» **RECORDED DATA**
:::

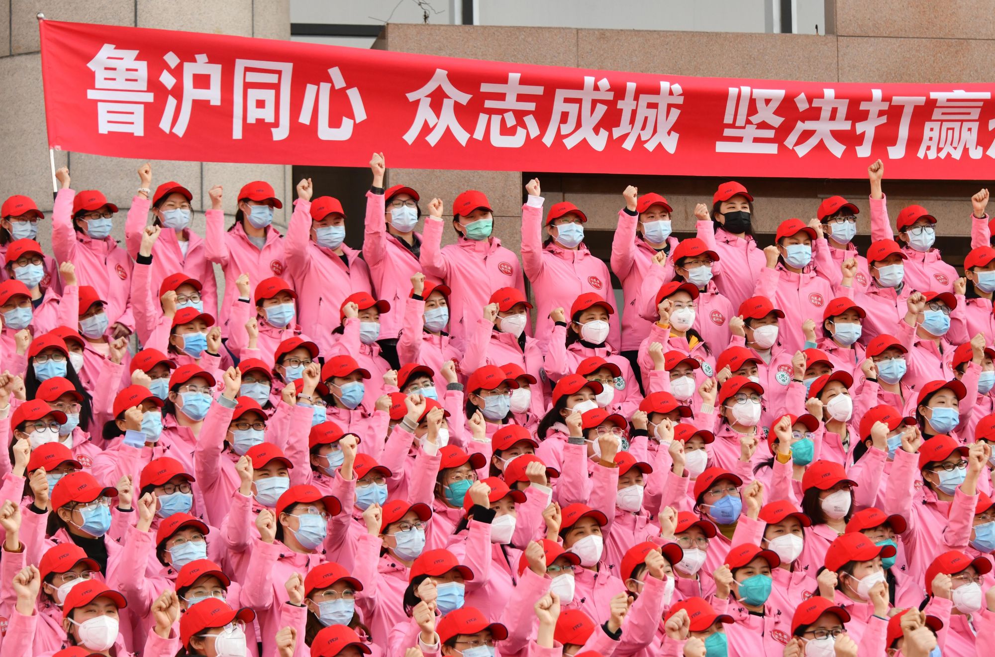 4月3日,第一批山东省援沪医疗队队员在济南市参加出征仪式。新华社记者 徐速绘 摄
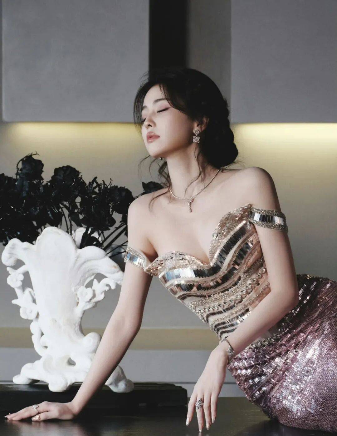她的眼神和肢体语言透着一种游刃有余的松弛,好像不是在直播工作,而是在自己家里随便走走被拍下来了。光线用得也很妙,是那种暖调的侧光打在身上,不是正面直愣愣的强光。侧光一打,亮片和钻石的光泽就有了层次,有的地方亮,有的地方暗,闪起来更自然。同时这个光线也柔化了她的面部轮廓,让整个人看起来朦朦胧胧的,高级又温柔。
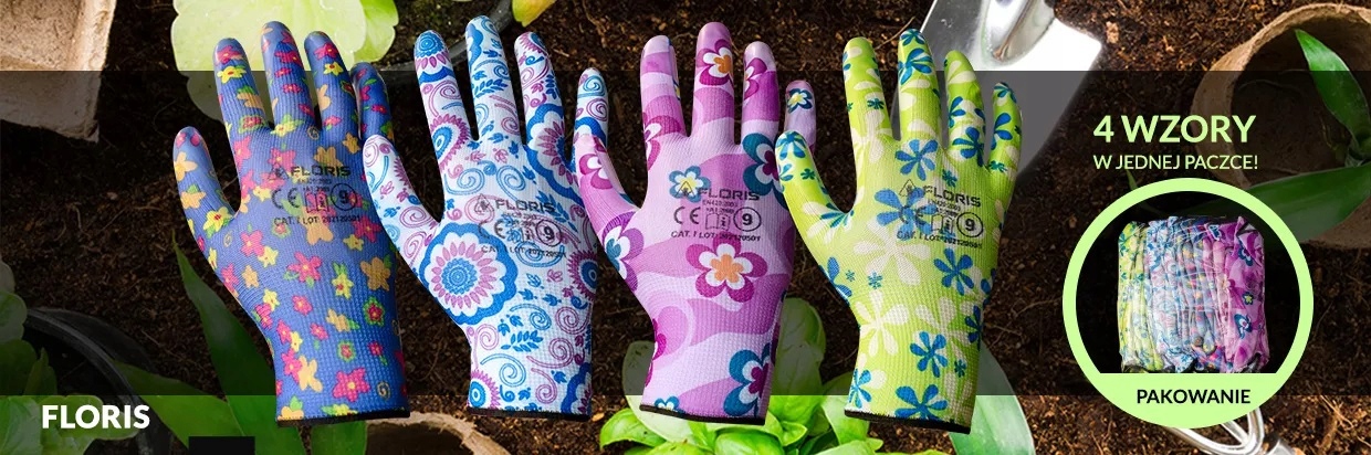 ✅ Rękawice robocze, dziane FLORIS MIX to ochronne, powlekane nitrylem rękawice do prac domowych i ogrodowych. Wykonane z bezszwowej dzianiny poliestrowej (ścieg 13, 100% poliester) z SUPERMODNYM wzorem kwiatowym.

:::

» **WHAT YOU ARE ASKED TO DO**
Please write out exactly the lines from the one holding "她的眼神和肢体语言透着一种游" through the last line of the material above, both included, as a copy without pictures.

» **RESULT OF THE TASK**
她的眼神和肢体语言透着一种游刃有余的松弛,好像不是在直播工作,而是在自己家里随便走走被拍下来了。光线用得也很妙,是那种暖调的侧光打在身上,不是正面直愣愣的强光。侧光一打,亮片和钻石的光泽就有了层次,有的地方亮,有的地方暗,闪起来更自然。同时这个光线也柔化了她的面部轮廓,让整个人看起来朦朦胧胧的,高级又温柔。
 ✅ Rękawice robocze, dziane FLORIS MIX to ochronne, powlekane nitrylem rękawice do prac domowych i ogrodowych. Wykonane z bezszwowej dzianiny poliestrowej (ścieg 13, 100% poliester) z SUPERMODNYM wzorem kwiatowym.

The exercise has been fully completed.